The protesters later marched across Chain Bridge to the presidential Sandor Palace for a demonstration organised by opposition Momentum.

The demonstration in front of the ministry was attended by several left-wing politicians, including Socialist Party deputy leader Gabor Harangozo and co-leader Agnes Kunhalmi, independent MEP Istvan Ujhelyi, Parbeszed’s Marta V Naszalyi, the mayor of Budapest’s 1st district, Parbeszed group leader Bence Tordai and co-leaders Timea Szabo and Rebeka Szabo, LMP deputy group leader Antal Csardi, Democratic Coalition deputy leaders Laszlo Varju and Agnes Vadai, deputy group leader Gergely Arato and Gyula Molnar.

At the protest in front of Sandor Palace, Momentum lawmaker Anna Orosz said Novak’s pardon had been an insult to the victims in the case. “It called into question our faith in a just world and the fundamental principle that we never harm children,” she added.

Orosz said they were protesting because the deputy director was pardoned after “sitting idly by for years as children were sexually abused”. The presidential pardon, she said, meant that he could now go back to being a teacher.

The majority of the victims live in difficult circumstances, but had the courage to speak out about what had happened to them, Orosz said. “And just as they were about to crawl out of the pit, they were pushed back in,” she added. “We’re here for the victims, to show solidarity with them.”

Parbeszed lawmaker Andras Jambor cited a survey that had found that 74 percent of Hungarians believe Novak should resign. He said what had happened at the children’s home was unforgiveable, and ruling Fidesz’s politicians “should have said so”.

Jambor said he was “sorry and ashamed” over what had happened, calling for “safety, a future and justice for children”.

He said his party will submit a proposal to parliament on strengthening child protection.

Rita Antoni, head of the Association for Women, said it was not just Novak and Varga who should take responsibility in the matter, but everyone who had failed to try to prevent it.

Attila Peto, a victim of sexual abuse by a priest, said Novak and Varga had “forgot to apologise to the victims”, and called on them to do so.
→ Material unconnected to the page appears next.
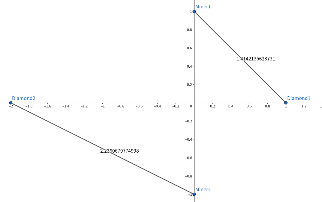 В первом примере есть два шахтера в точках \((0,1)\) и \((0,-1)\), а алмазы расположены в точках \((1,0)\) и \((-2,0)\). Если распределить алмазы по шахтерам, как показано на рисунке, то потратится \(\sqrt2 + \sqrt5\) единиц энергии.

DK to initiate criminalising complicity in paedophile crime in European law

The opposition Democratic Coalition (DK) will turn to the European Commission initiating that any instance of assisting a paedophile crime should be defined as a crime in European law, an MEP of the party said on Friday.
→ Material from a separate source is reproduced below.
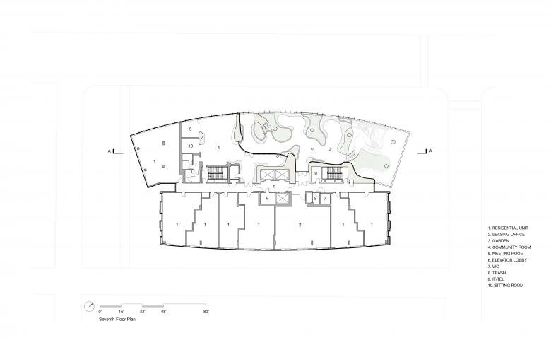 The building features 187 rental units spread across 15 floors, along with a 9,000-square-foot ground-floor retail space that seamlessly blends into the surrounding landscape and streetscape. Exterior materials and plantings flow into the interior, reinforcing the connection between indoors and outdoors.

DK wants a term meted out to any accomplice [in a paedophile crime] as serious as the term handed to the perpetrator of the crime itself, Klara Dobrev told an online press conference.

She called for strong guarantees preventing the release of any perpetrator who has been convicted of the sexual abuse of minors, adding that such offenders should also be prevented from going back to work with children.